The rise of keyless cars - where instead of the traditional key being inserted, cars are opened with a remote fob and started by button - has triggered a wave of thefts, as criminals trick vehicles into believing the key fob is present.
There has been a 19 per cent increase in car crime and a 29 per cent surge in crimes in the UK related to vehicle interference since 2014, according to figures from the Office of National Statistics.
Price comparison website MoneySupermarket looked into car hacking and has revealed the seven sneaky ways a criminal can hack your car.
A significant contributing factor to the rise in vehicle crime, after a period of decline, is the new technology that allows car hackers to gain access to vehicles remotely, says MoneySupermarket.
Worryingly, its study found many of the different methods used by criminals to gain access to vehicles illegally was not known to the majority of the public.
Nearly all drivers were unaware of all the major digital hacking threats their car might face.
More than three in five said they wouldn't buy a keyless car because of hacking concerns.
In an effort to prevent further crime and raise awareness, MoneySupermarket have highlighted the various ways criminals can hack into your car as well how to protect yourself from vehicle crime.
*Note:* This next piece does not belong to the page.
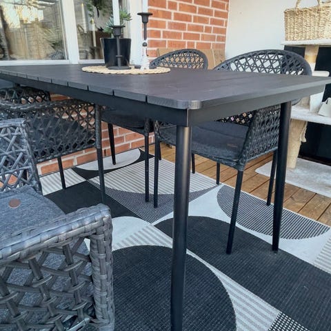 Fyrkantigt utebord med skiva i svart träimitation och underrede i mörk metall.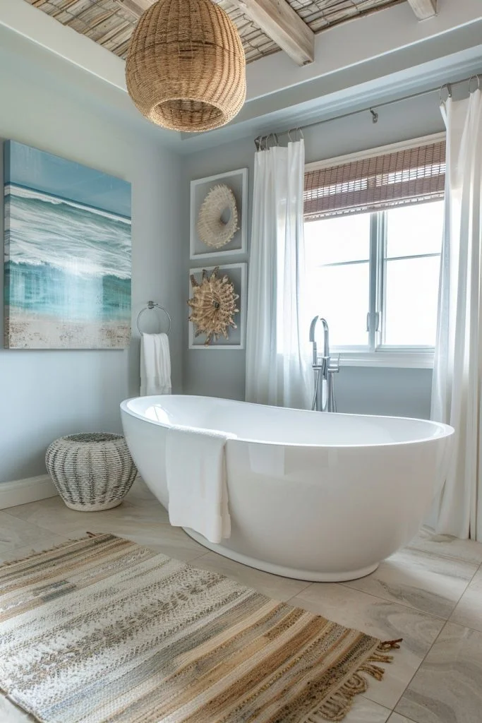 Coastal Afrohemian Breeze captures the light and airy feel of the coast, blended with African charm. Shades of blue and white evoke the sea and sky, complemented by sandy tones for a beach-like atmosphere. Decorating with seashells and driftwood alongside African prints and fabrics creates a unique fusion. This bathroom is perfect for those who love the relaxed feel of the coast with a cultural twist, offering a refreshing escape from the everyday.

Keyless car owners are also being encouraged to check through their car insurance policy thoroughly to determine what they may or may not be covered for.
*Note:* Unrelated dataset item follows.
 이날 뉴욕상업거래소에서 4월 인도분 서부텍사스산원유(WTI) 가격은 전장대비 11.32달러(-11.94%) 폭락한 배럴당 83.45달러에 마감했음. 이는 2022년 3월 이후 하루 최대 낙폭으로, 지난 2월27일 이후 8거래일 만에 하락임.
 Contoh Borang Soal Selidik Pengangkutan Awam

Four in five drivers were not aware if they would be covered by their car insurance if they were hacked.
There can be confusion when trying to understand who is liable at what point - is it the driver, the car manufacturer or the maker of the on-board computers?
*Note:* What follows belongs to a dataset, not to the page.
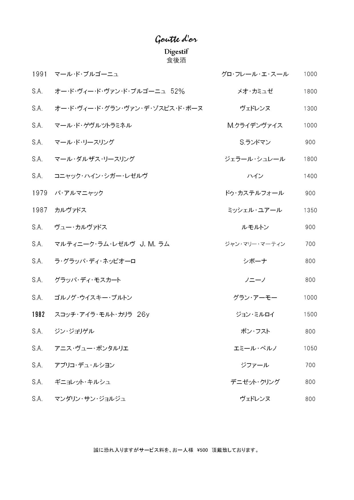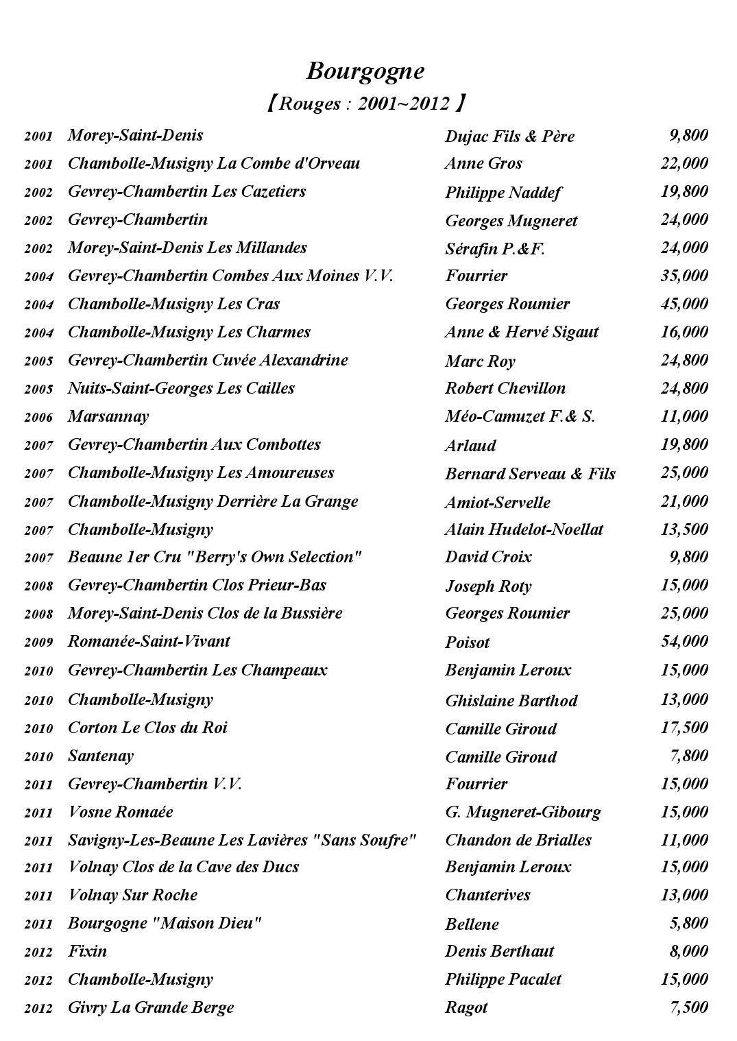 2006アグラパール&フィス ヴェニュス ¥30000 2005R&L ルグラ プレジダンス VV ¥18000 1978コルトン/パヴロ ¥45000 1982コート・ド・ニュイ・ヴィラージュ/ベルトー¥18800 1985シャルム・シャンベルタン/ギィ・カスタニエール¥54000 1990シャサーニュ・モンラッシェ・ルージュ/ルイ・カリヨン¥25000 1991サヴィニー・レ・ボーヌ・レ・ブルジョ/シモン・ビーズ¥24000 1999クロ・ド・ヴージョ/ルネ・アンジェル¥54000 1999エシェゾー/ジョルジュ・ミュニュレ¥54000 1999ヴォーヌ・ロマネ・レ・プティ・モン/ロベール・シリュグ¥34500 2000ヴォーヌ・ロマネ/フランソワ・フュイエ・¥13500 2007ニュイ・サン・ジョルジュ・レ・シェニョ/ミュニュレ・ジブール¥15000 2009ボーヌ・プルミエ・クリュ/BB&R(ダヴィ・クロワ) 2010サントネィ/カミーユ・ジルー¥8800 2011シャンボール・ミュジニー/フランソワ・ベルトー¥12000 2011ヴォルネィ・クロ・ド・ラ・カーヴ・デ・デュック/バンジャマン・ルルー¥15000 全て税込価格

The Government and insurers are currently working out how to cover autonomous vehicles to resolve any unanswered questions, according to the comparison site.
At present, in terms of insurance, MoneySupermarket says:
Drivers will have one insurance policy that covers the vehicle when it is driven manually as well as when it is in autonomous mode.
If the driver of an autonomous vehicle causes injury or damage to a third party, that party can claim against the driver's insurer regardless of what mode the car was in when the accident occurred.
Drivers won't be held responsible for faults in the car's systems, and they will be able to claim if they are injured or suffer loss because of a fault in the car.
With regards to hacking ('relaying') a car, insurers will pay out if the occasion arises as long as the owner of the vehicle has taken reasonable steps to protect their car.
It is possible that certain insurance premiums could rise depending on if a particular make of car is regularly targeted.
Tom Flack, editor-in-chief at MoneySupermarket, said: "Car hacking is little understood but a very real threat."
"Manufacturers are adding increasing amounts of technology to our vehicles, and new technology comes with new risks that drivers need to understand and guard against.
"As far as hacking activity such as keyless theft - so-called 'relaying' - is concerned, insurers will pay out providing the owner/driver has taken reasonable care to protect their property.
"Owners of cars deemed by insurers to be a particular risk of keyless theft may find they are charged higher premiums as a result."
Despite a large number of drivers not knowing if they would be covered by insurance, 16 per cent claim they know someone who has fallen victim to car hacking.
Only 19 per cent of drivers currently protect their cars from hacking by putting into place simple measures such as placing their keys in the microwave or in a Faraday cage - a device that shields its contents from static electric fields - stopping would-be hackers from accessing their signal.
These signal blocking pouches can be bought for a few pounds online.
"We recommend fully researching a vehicle and its capabilities and limitations before purchase, and getting to know a vehicle you already own to make sure you're aware of any potential security flaws.
"Sometimes an old-fashioned security method, such as a steering lock, can be all that's needed to protect against criminals."